Fixed-length lines delimited by a carriage return/line-feed, on the
other hand, are perfect for text files that are to be typed or browsed
from a DOS prompt. README files are a good example. With the trend in
shareware toward using the Windows Write format for instructions, you
could preview a newly downloaded file without having to fire up Windows.
In addition to the text that you want and the formatting codes that
you don't, word-processed files contain information that uniquely
identifies the word processor that created them. For this reason, during
the conversion process PCMCVT is able to display the name of the
originating word processing system. Identifying the native document
format also enables PCMCVT to use the appropriate routines to extract
the text from the file.
Among the document formats PCMCVT supports--the DOS or Windows
versions of WordPerfect 5.1 or later; Word for DOS, Version 5.0 or
later; Word for Windows (WinWord), Version 1.0 or later; Windows
Write 3.x; and Ami Pro--the three from Microsoft are very similar,
so I'll discuss them first.
Since its introduction in 1983, the file format for Microsoft Word
has remained unchanged. Microsoft had the foresight at that time to
define structures larger than were immediately needed so that new
features could be added without changing the basic format. A Word
document file consists of three sections: the header, or file
information block; the text section; and the formatting section.
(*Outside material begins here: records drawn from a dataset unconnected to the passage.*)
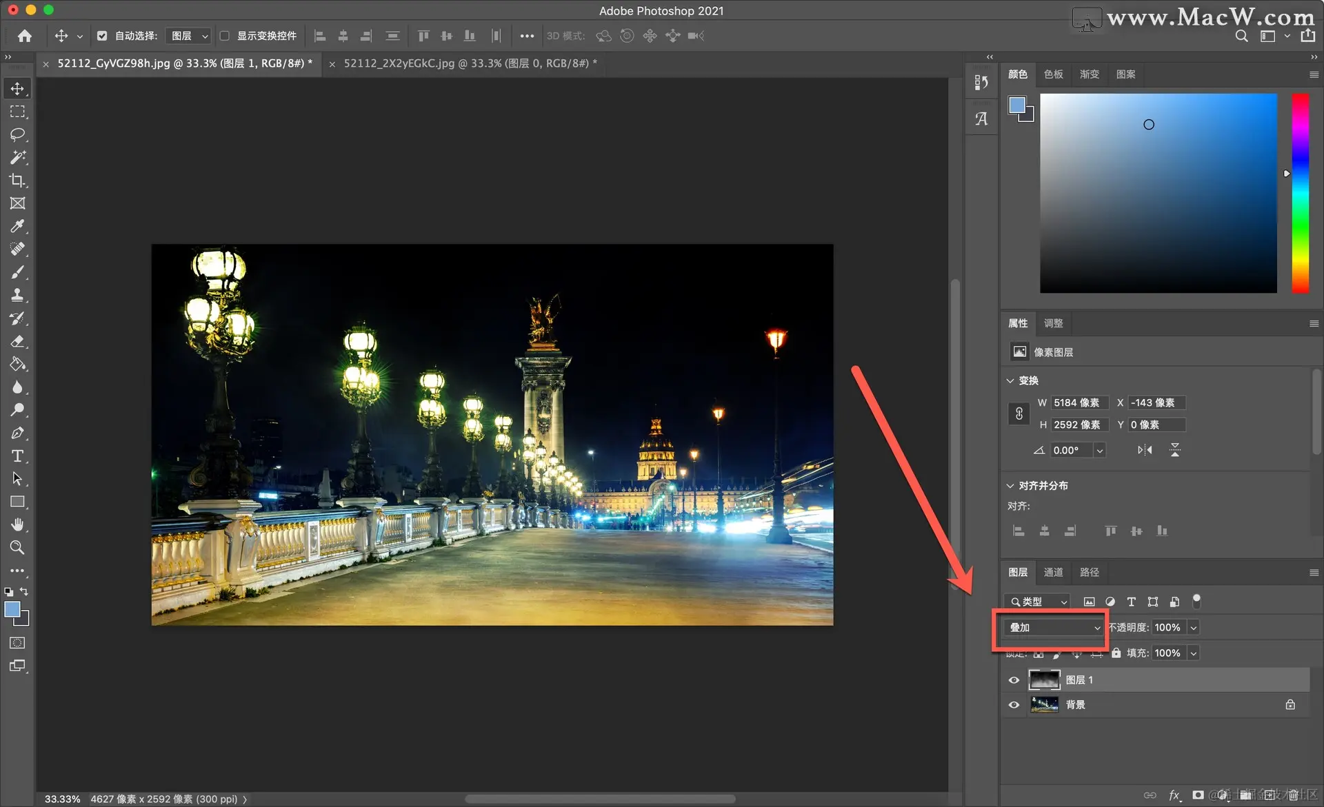 选择烟雾图层。然后将鼠标悬停在「图层」面板中的混合模式上。
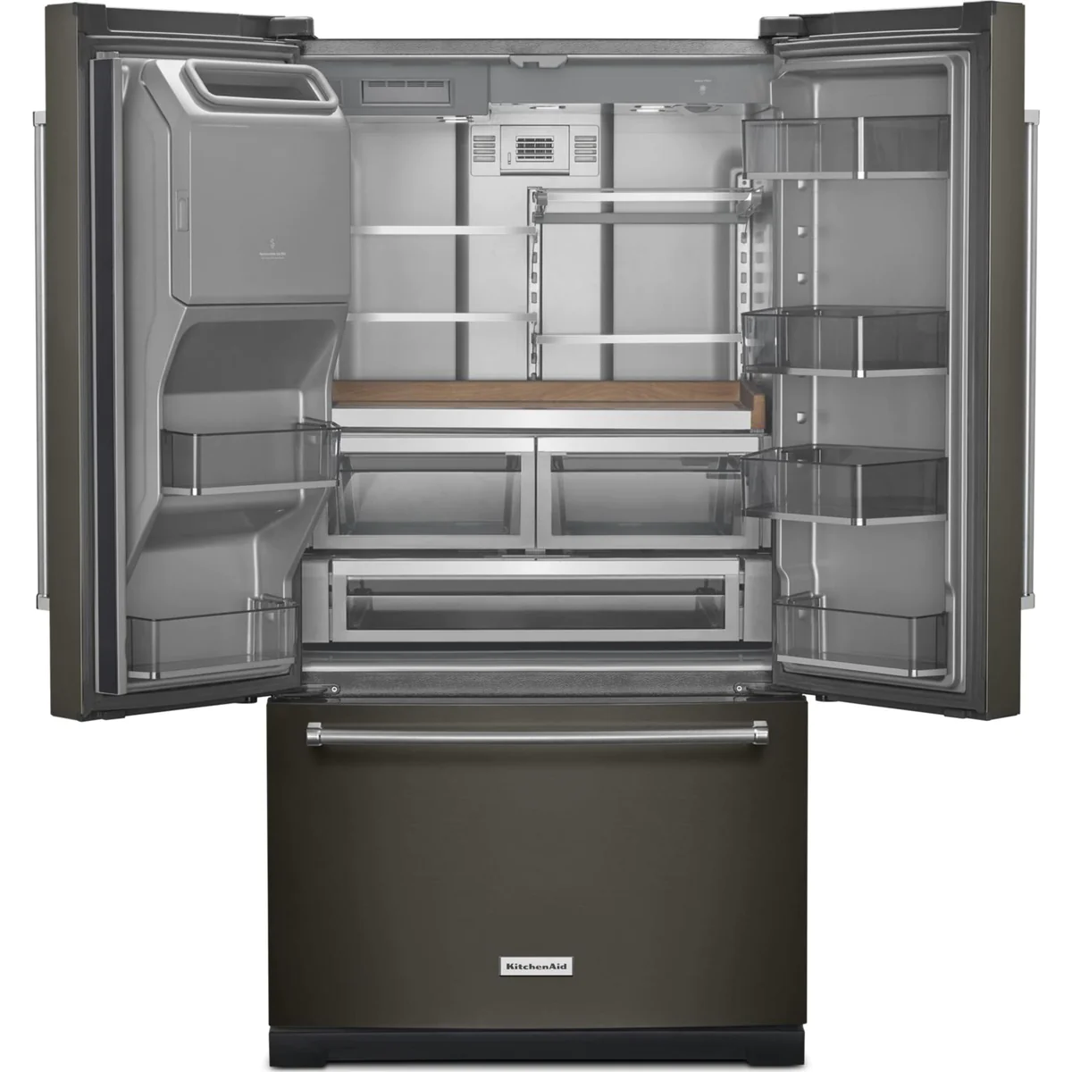 A refrigerator maintains a compartmentalized space below room temperature. They come in many configurations and usually include a sub-freezing compartment.
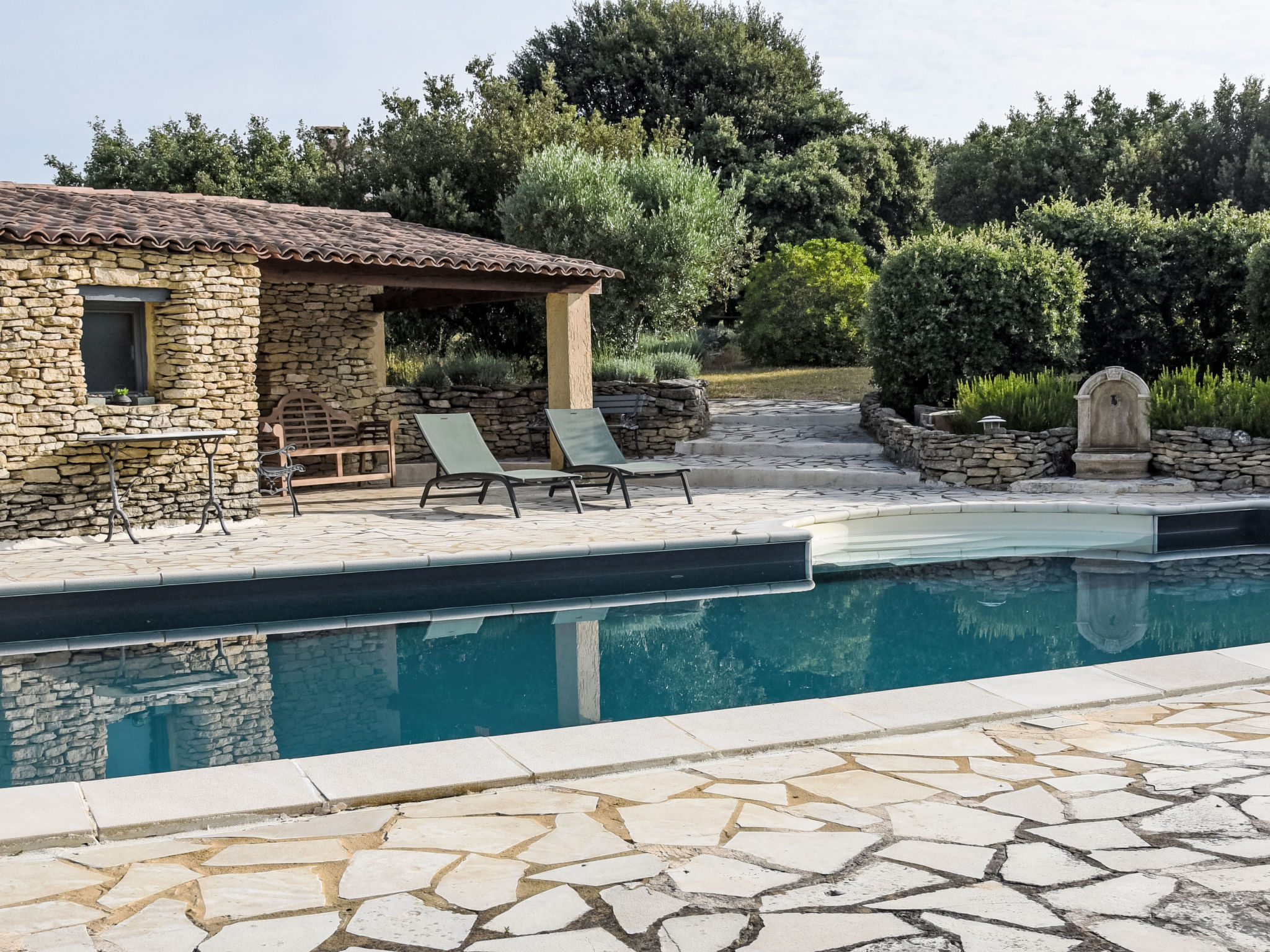Villa "La Chênaie". Am Ortsrand, 2 km vom Zentrum von Saumane de Vaucluse, alleinstehende, ruhige, sonnige Lage. Zur Alleinbenutzung: Grundstück 5'000 m2 (eingezäunt), gepflegter Garten, Schwimmbad nicht einsehbar (10 x 5 m, 80 - 160 cm tief, 28.05.-25.09.) mit Alarmanlage. Poolhaus mit Dusche, Boccia, Terrasse (30 m2), Gartenmöbel, Parkplatz (für 2 Autos, überdacht) auf dem Grundstück. Einkaufsgeschäft 2 km. Golfplatz (18 Loch) 300 m. Nahe gelegene Sehenswürdigkeiten: Provence Country Club 300 m, Fontaine de Vaucluse 4 km, L'Isle sur la Sorgue 5 km, Gordes 18 km, Roussillon 25 km, Saint Rémy de Provence 31 m. Die Residenz wird durch elektrische Tore geschlossen.
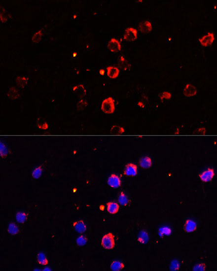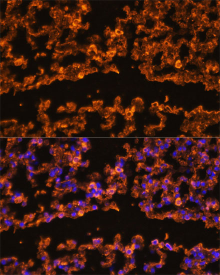 Immunofluorescence analysis of mouse lung using IL1 beta Polyclonal antibody at dilution of 1:100 (40x lens). Blue: DAPI for nuclear staining.
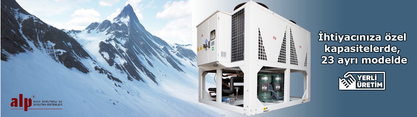 Alp Su Soğutmalı Kondanserli Soğutma Gruplarının kapasiteleri 111,8 kW ile 2.435 kW arasında değişmektedir.
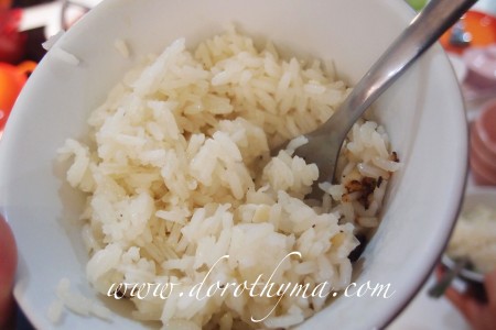 必先要說,這煲飯,當煮完打開蓋後,聞到是非!常!香!的雞油味,看上來沒有餐廳吃到的黃色(因為大多數餐廳都有加黃薑粉進去煮的),飯粒每粒都是雞油香,飯粒軟硬度適中,還有斑蘭葉及香茅的香氣,鍋底還有少量飯焦,真的很讚呀!
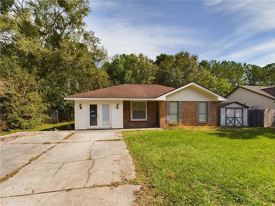 Solid 3 Bedroom, 1 Bathroom Residence in the Charming Timber Ridge Community of Slidell, conveniently located just minutes from Hwy 190. This home features an inviting open floor plan with beautiful wood laminate flooring in the living room and bedrooms, while the kitchen, breakfast nook, and bathroom boast attractive tile flooring. The laundry room is thoughtfully plumbed for the addition of a half-bath if desired. Enjoy the outdoors on the covered concrete back porch with a lattice enclosure in the fenced yard. Additionally, there is a spacious detached shed great for storage or use as a workshop. Call today to make this wonderful property your own!
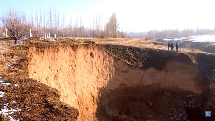 "Тогда зияли три дыры, могилы трех человек. Сейчас мы видим еще две. Это же ужас! Вон зияют дыры - даже кости видны. А на этой части откоса останки уже выпали из могилы. До сих пор не могу успокоиться. Кому только не говорил. Все знают, но никто не принимает мер. Поэтому пришлось мне обратиться в редакцию телекомпании "Отырар", - рассказал житель села Маятас.
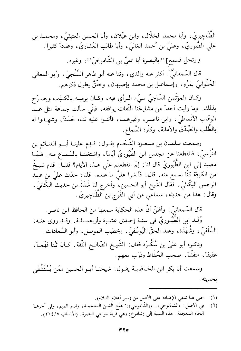 [2] في الأصل: «الشاذلوحي» . و «الشّاموخي» : بفتح الشين المعجمة، وضم الميم، وفي آخرها الخاء المعجمة. هذه النسبة إلى (شاموخ) وهي قرية بنواحي البصرة. (الأنساب 7/ 264) .
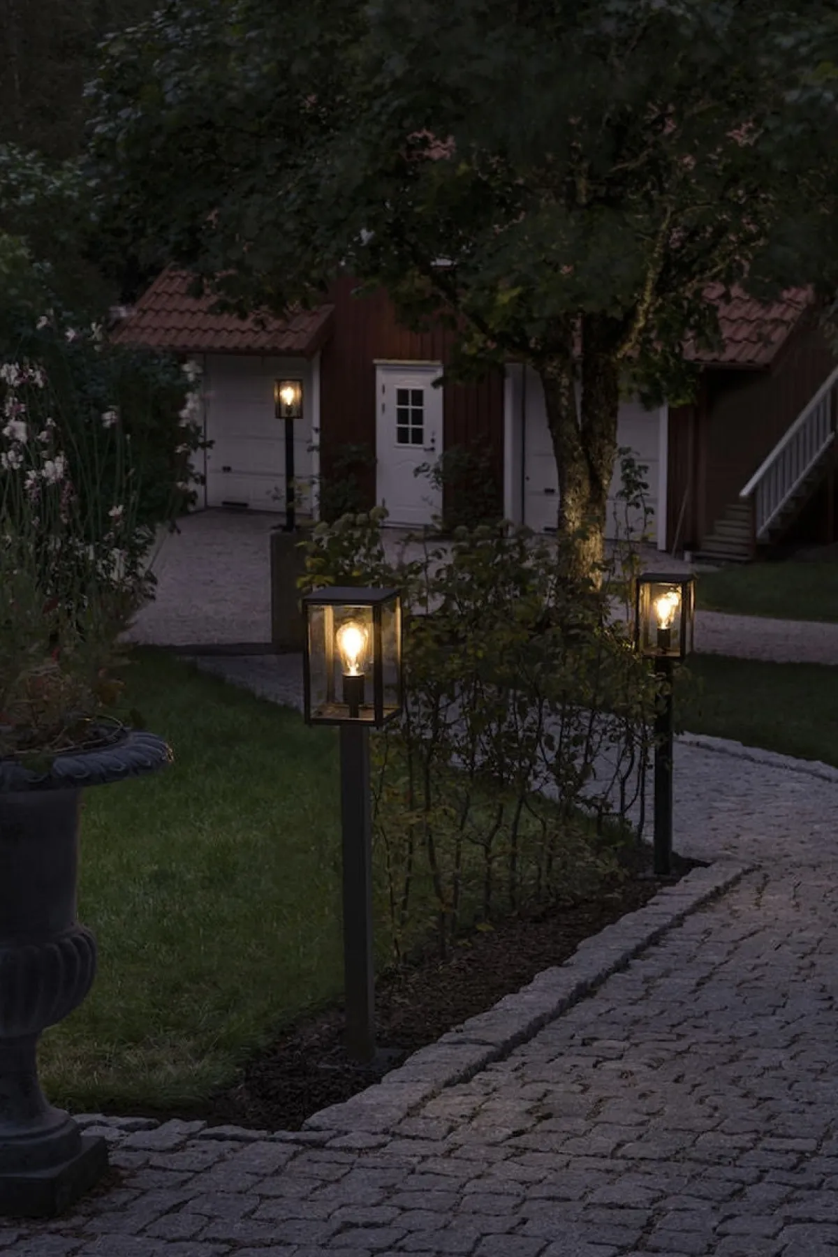 Carpi stolpelampe 100 cm i sortlakkert metall og klart glass.
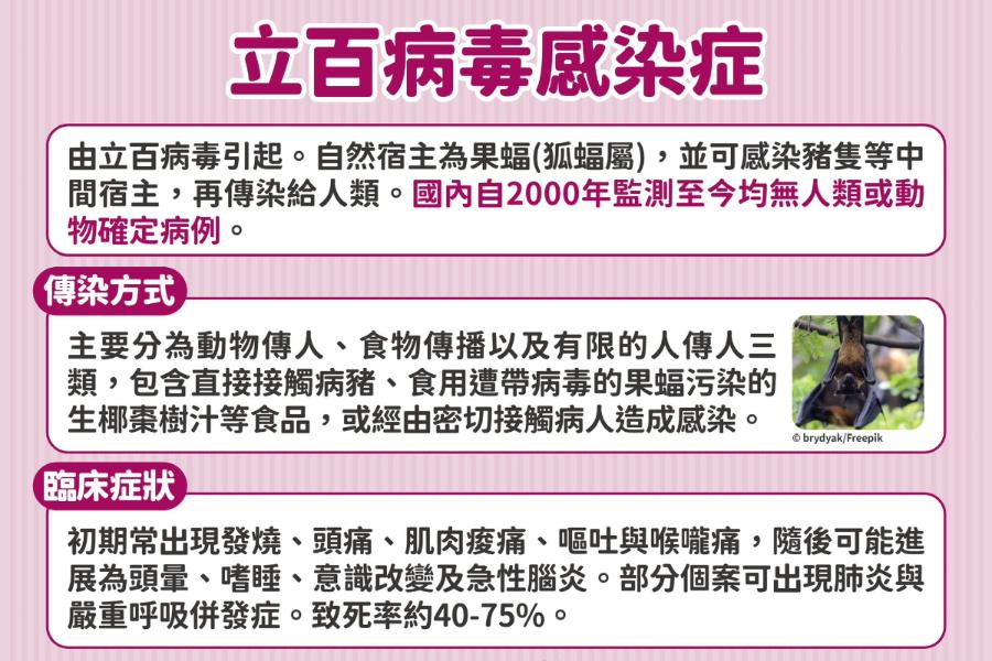 疾管署說明,立百病毒感染症為人畜共通傳染病,其自然宿主為果蝠(狐蝠屬),並可感染豬隻等中間宿主,再傳染給人類。傳播途徑主要分為動物傳人、食物傳播以及有限的人傳人三類,包含直接接觸病豬、食用受果蝠(狐蝠屬)尿液或唾液污染的食品等,或經由密切接觸病人的血液、體液、呼吸道分泌物造成感染。臨床症狀表現廣泛,包括無症狀感染、急性呼吸道症狀到致命性腦炎均可能發生。
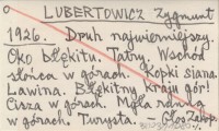 LUBERTOWICZ Zygmunt 1926 Druh najwierniejszy. Oko błękitu. Tatry. Wschód słońca w górach. Kopki siana. Lawina. Błękitny kraju gór! Cisza w górach. Mgła ranna w górach. Turysta.
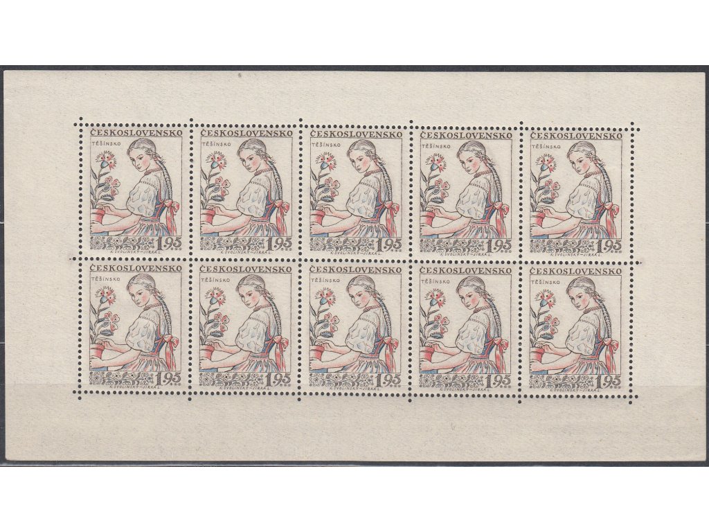 Poštovní známka 1957, 1.95Kčs Lidové kroje, desetiblok, Nr.PL971, **

This basic file structure is shared by the three Microsoft file
formats with but slight differences, which I'll discuss as they arise.
PCMCVT is concerned only with the first two sections of the
Microsoft document format, that is, the FIB or file information block,
and the text section. In identifying which word processor was used to
create the original file, however, PCMCVT also makes use of a second
identifying characteristic, called the signature. A file signature is
usually a unique byte sequence at a specific position in the file that
sets it apart from other files. In the Microsoft document files, for
example, the signature is contained in the first 2 bytes, as shown below:
File format Signature
Word 5.5 31BEh
WinWord 1.x 9BA5h
WinWord 2.0 DBA5h
Windows Write 3.1 31BEh
From the signatures alone we can tell WinWord and Word for DOS apart,
but Windows Write presents a problem, as it shares the same signature
with Word for DOS. This is where the reserved areas of the FIB come
into play. Starting from the beginning of the file, if we look at the
value of the 2-byte word located at offset 96, we'll get our answer.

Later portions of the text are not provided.